Haringhata is a town and a municipality of the Nadia district in the Indian state of West Bengal.

Geography

Location
Haringhata is located at . It has an average elevation of 10 metres (33 feet).

Municipality
Haringhata, earlier a census town, was created a municipality in 2015.

Area overview
Nadia district is part of the large alluvial plain formed by the Ganges-Bhagirathi system. The Kalyani subdivision has the Bhagirathi/ Hooghly on the west. Topographically, Kalyani subdivision is a part of the Ranaghat-Chakdaha Plain, the low-lying area found in the south-eastern part of the district. The smallest subdivision in the district, area-wise, has the highest level of urbanisation in the district. 76.73% of the population lives in urban areas and 23.27% lives in the  rural areas.

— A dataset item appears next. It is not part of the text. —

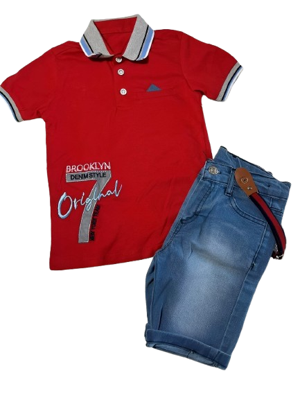 Μοντέρνο και άνετο καλοκαιρινό σετ για αγόρι που συνδυάζει κομψότητα και σπορ στυλ! Περιλαμβάνει κόκκινη μπλούζα τύπου πόλο με γιακά και διακριτικά κεντήματα, καθώς και τζιν βερμούδα με ζώνη, για ολοκληρωμένο look που ταιριάζει σε κάθε περίσταση. Ιδανικό για βόλτες, εκδηλώσεις ή καθημερινή χρήση, προσφέρει δροσερή αίσθηση και ξεχωριστό στυλ.
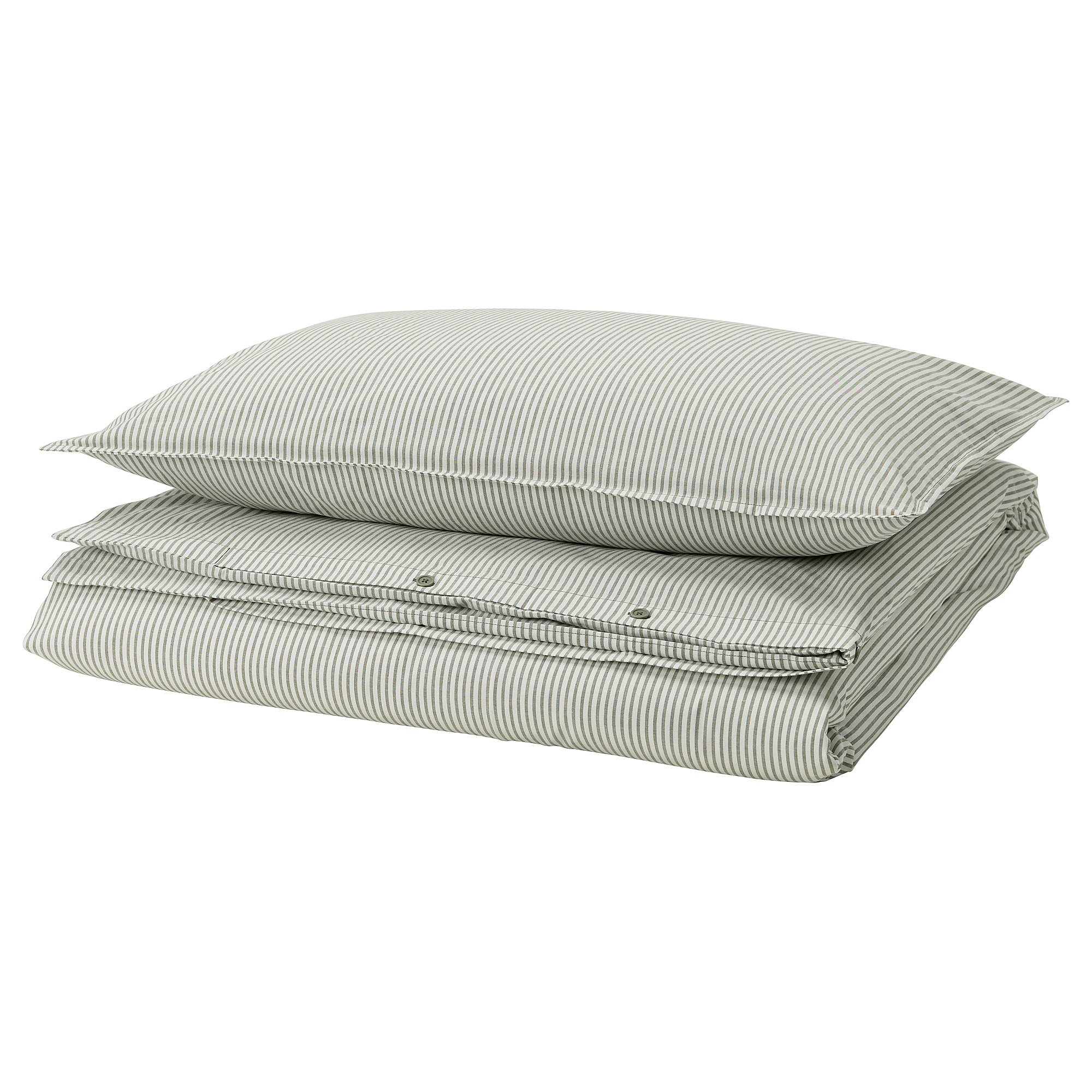 SOLFIBBLA duvet cover set is made from soft 100% cotton with clear, timeless green and white yarn-dyed stripes. The thicker yarn adds a cosy, handcrafted vibe with a hint of vintage charm to your bedroom.

Note: The map alongside presents some of the notable locations in the subdivision. All places marked in the map are linked in the larger full screen map. All the four subdivisions are presented with maps on the same scale – the size of the maps vary as per the area of the subdivision.

Civic administration

Police station
Haringhata police station has jurisdiction over Haringhata CD block. The total area covered by the police station is 170 km2 and the population covered is 229,825 (2001 census).

Demographics
According to the 2011 Census of India, Haringhata had a total population of 3,989, of which 1,971 (49%) were males and 2,018 (51%) were females. Population in the age range 0–6 years was 465. The total number of literate persons in Haringhata was 2,766 (78.49% of the population over 6 years).

Economy 
The Reliance group have  evinced interest in the Haringhata Dairy. They have plans to enter the food business.  Consultants have recommended that four government dairies be placed in the joint sector.

Education 
Bidhan Chandra Krishi Viswa Vidyalaya is located at Mohanpur, Haringhata.
West Bengal University Of Animal And Fishery Sciences is located at Mohanpur, Haringhata.
 Indian Institute of Science Education and Research, Kolkata, a scientific research institution, has built its permanent campus in Haringhata.
Haringhata Mahavidyalaya was established at Haringhata in 1986. Affiliated to the University of Kalyani, it offers honours courses in Bengali, English, geography, education, history, political science and accountancy.
 Maulana Abul Kalam Azad University of Technology is building its campus there.
 Barajaguli Gopal Academy, the most traditional century-old school in the area.